I first noticed Young in Peckinpah’s Bring Me the Head of Alfredo Garcia, where he plays one-half of an ambiguously gay duo that show up a few times to get in the way of Warren Oates and Mr. Garcia’s head. They’re not in the movie much, but Young’s performance, although brief, is exhilarating, sensual, funny, a bit queer, and totally fucking evil. After Oates confers with Robert Webber in code on the side of a rural Mexican road in front of a huge family that “They’re going to have to take [the head from him],” Webber laughs and repeats it to Young, who looks at Webber with these huge, glistening eyes, a burning euphoria in him. What’s under his coat?

Young takes out a submachine gun and mows down an entire family before getting shot by a gang member up on a hill. We see this all through Peckinpah's virtuosity, a glorious montage of slow-motion death that ends with Young and Webber dead. But when they pull up, Young gets out and savors this air—he knows it’ll probably be his last. Like Peckinpah himself, Young’s character in this movie approaches his own death with the serenity and excitement of making love. It’s sensual, and the way Young looks at Webber after the latter says they’re “going to have to take it” has more lust and desire in it than in any of the films Young made during his salad days, if he ever really had any.

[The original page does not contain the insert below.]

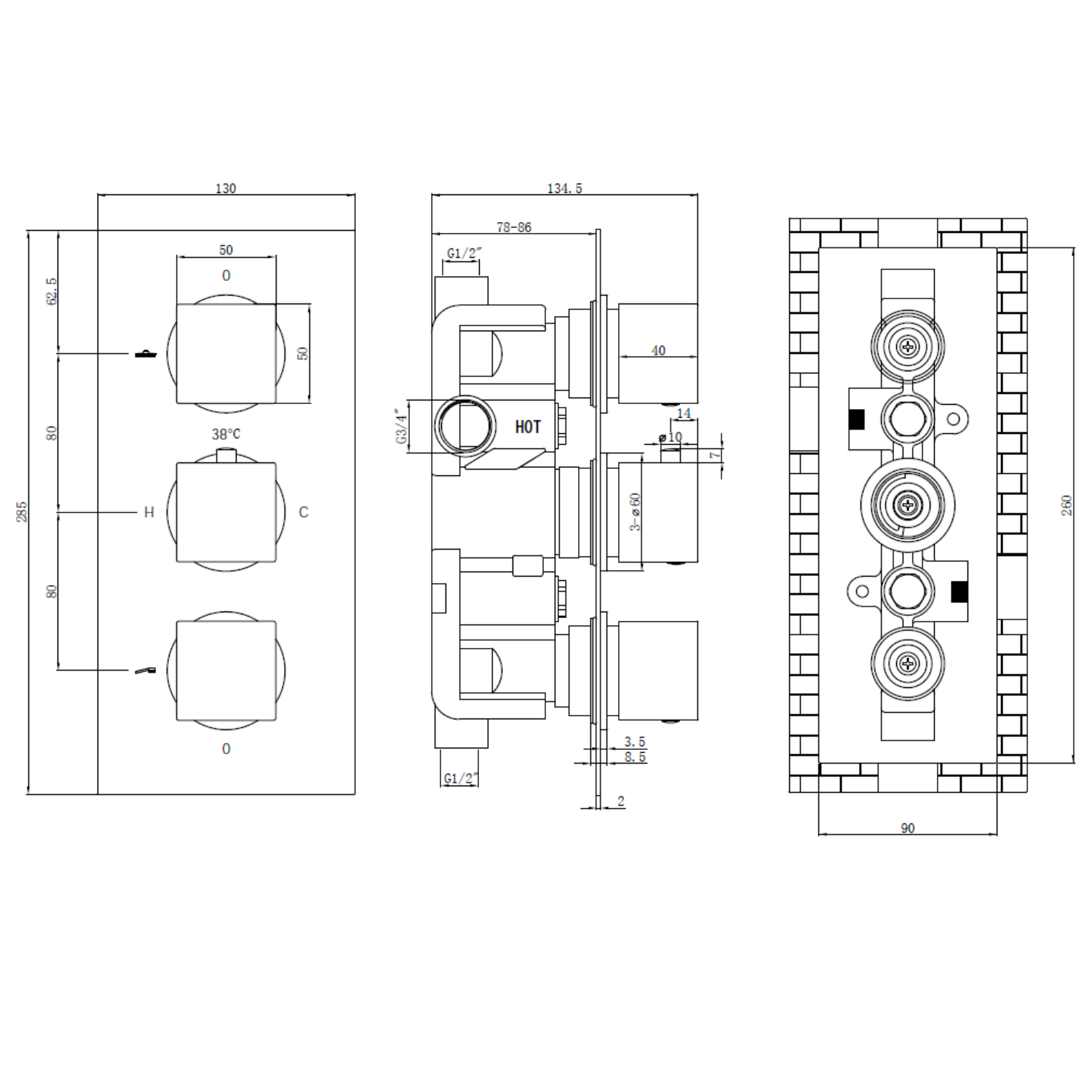 This Zana Brushed Brass Triple Control Shower Set adds a sleek, minimalistic touch to any shower. The thermostatic concealed valve cuts off if the cold water supply fails. It also means that your temperature will remain the same even if a tap is turned on or a toilet is flushed!

"Whenever you play a second lead and lose the girl, you have to make your part interesting yet not compete with the leading man. There are few great second leads in this business. It's easier to play a lead—you can do whatever you want. If I'm good it always means the leading man has been generous.” That’s Young talking to the Los Angeles Times in 1966, after he’d lost the Best Supporting Actor Oscar twice: first in 1953 for Come Fill the Cup, and again in 1958 for Teacher’s Pet. By the time he won for They Shoot Horses, Don’t They?, he told the press at the Kodak Theater that he was happy he won “because with all the new pictures, I figured this was my last chance.” And it was: he never got a major starring role, and in every movie he made after 1970, he’s completely loaded. It helps.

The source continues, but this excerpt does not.